It can’t be easy being a parent. I’m a quasi step parent (we don’t like the term in our house and I haven’t found a decent replacement term) and that’s very hard, but perhaps often for different reasons to being a parent. (A subject for another time…)
I think we’re often hardest on our mothers. We expect so much from them. Mothers and non-mothers alike expect so much from mothers.
Last night when tending to one of my charges, she said to me in a very quiet voice ‘I miss Mum’. It has been nearly two weeks since she has seen her Mum but it made me think of a much deeper ‘missing’.
I remembered very clearly a time when I was about seven or eight when I decided my actual mother had been replaced by an alien.
No, I don’t think I was reading science fiction at the time.
In fact, I think it must have come about the time when her attention for me changed, lapsed. I’m guessing it was about the time my brother was first hospitalised as a baby for serious asthma and her focus and care shifted in her desperation and worry.

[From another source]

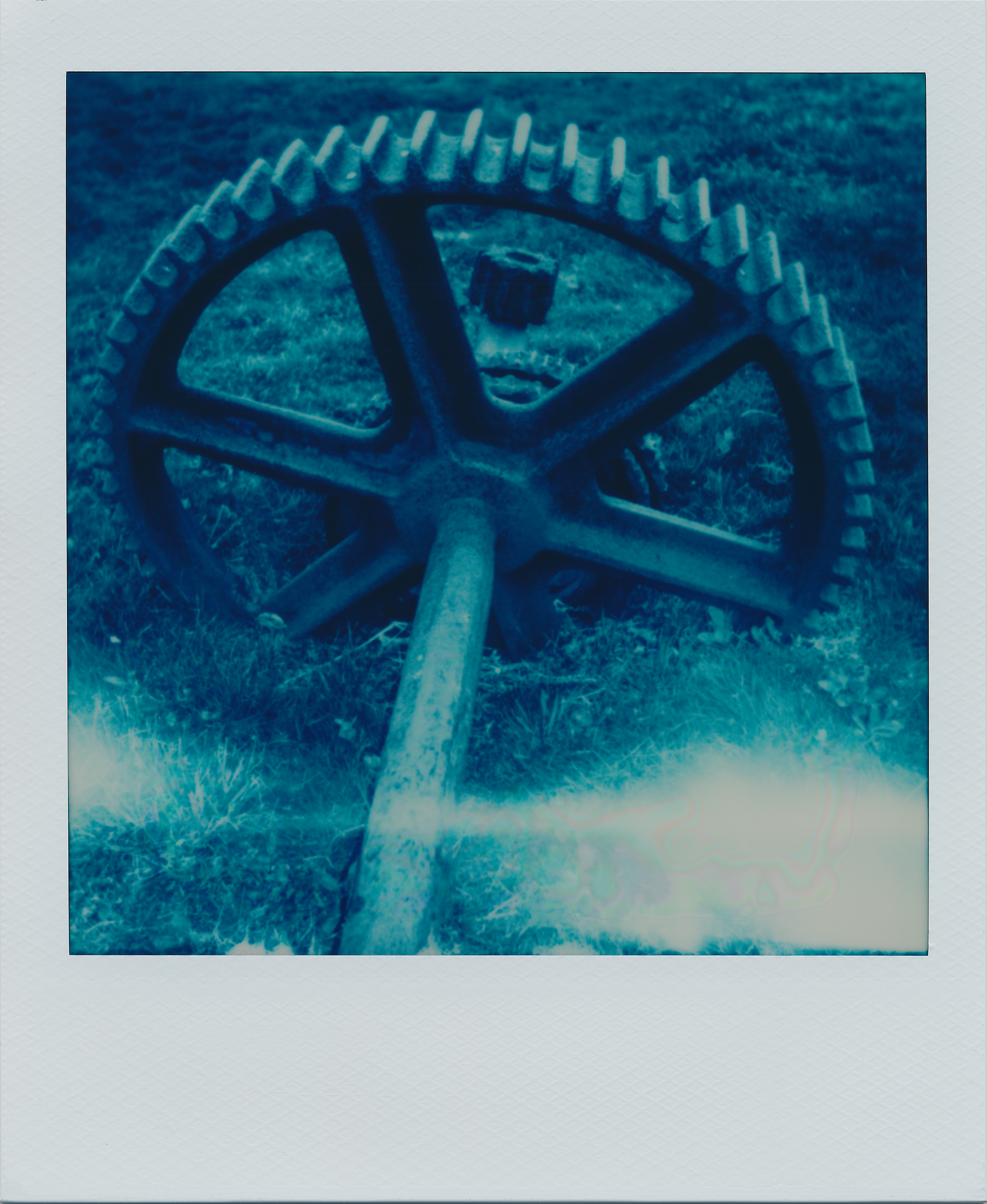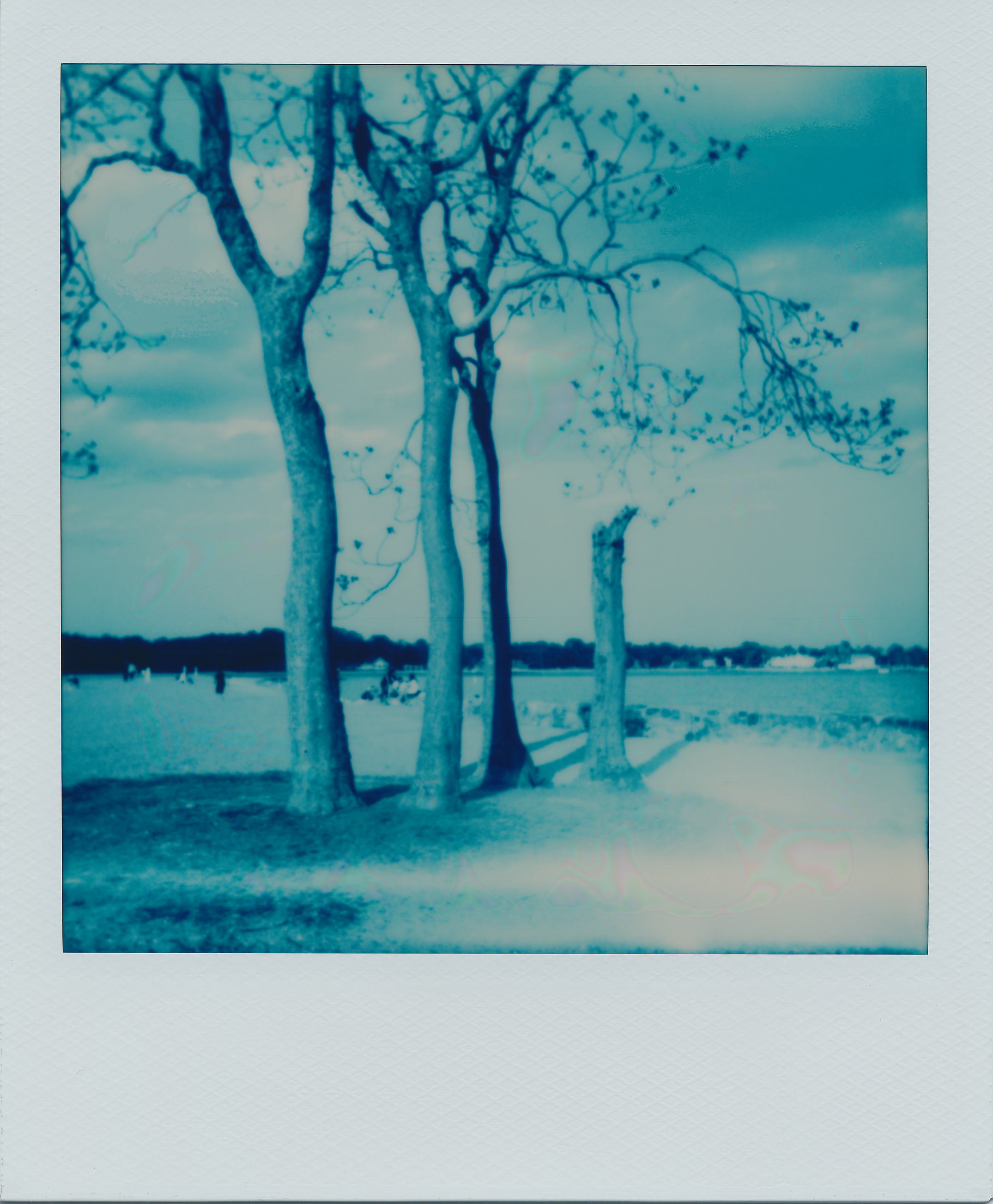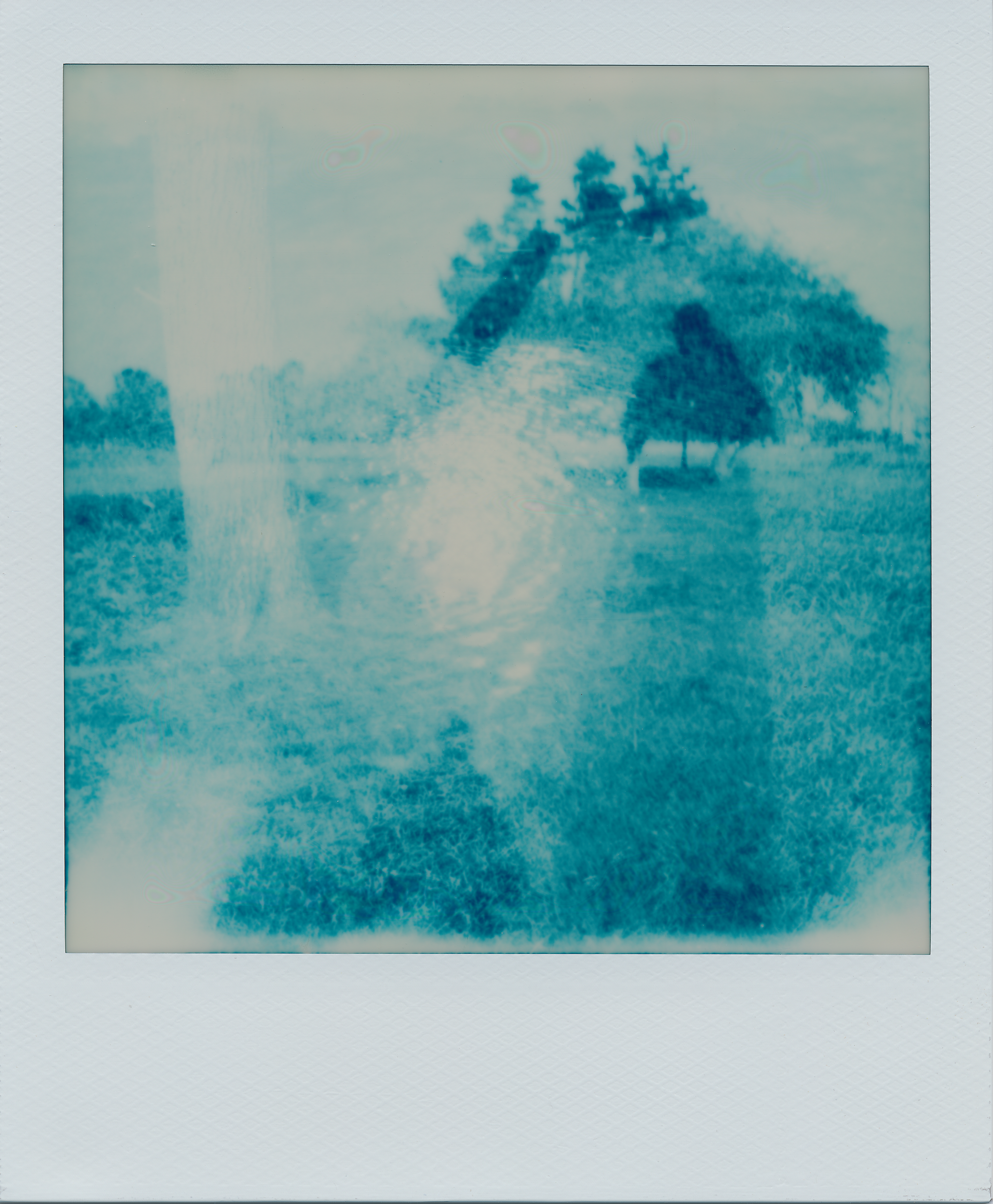 Two weeks later, my fertile imagination came up with an idea to shoot my next pack of Blue 600 film in a blue camera. Why not? Should be fun… So, I grabbed an untested, vintage, blue Polaroid One600 “classic” (original version) camera from my shelf and headed out on a cool spring day. As you can see in the test photos below, I got some unexpected and interesting results!
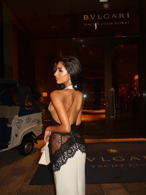This creation is made for the minimalist who wants high-impact glamour without compromising on comfort. Featuring a statuesque halter neckline and dramatic backless silhouette, this piece will lift and shape your frame with architectural lace panelling. Crafted from premium high-stretch fabric for a snatched fit, it's the ultimate show-stopping look that you'll never want to take off.

Sadly, I don’t believe I ever got her attention back in the same way I had it before I was about seven years old. She changed irrevocably as a woman, as a wife and as a mother because of my brother’s ongoing sicknesses.
However, I’ve looked into all of this in my adult years in therapy and I can live with it now. I still get annoyed and frustrated but I can live with her limitations most of the time.
But now I have three children in my life whose natural mother is perhaps not fulfilling her children’s needs. And it’s reminding me what it felt like.
And not for the first time I’m wondering if the universe has placed me here in this family for a reason other than I met and fell in love with their father?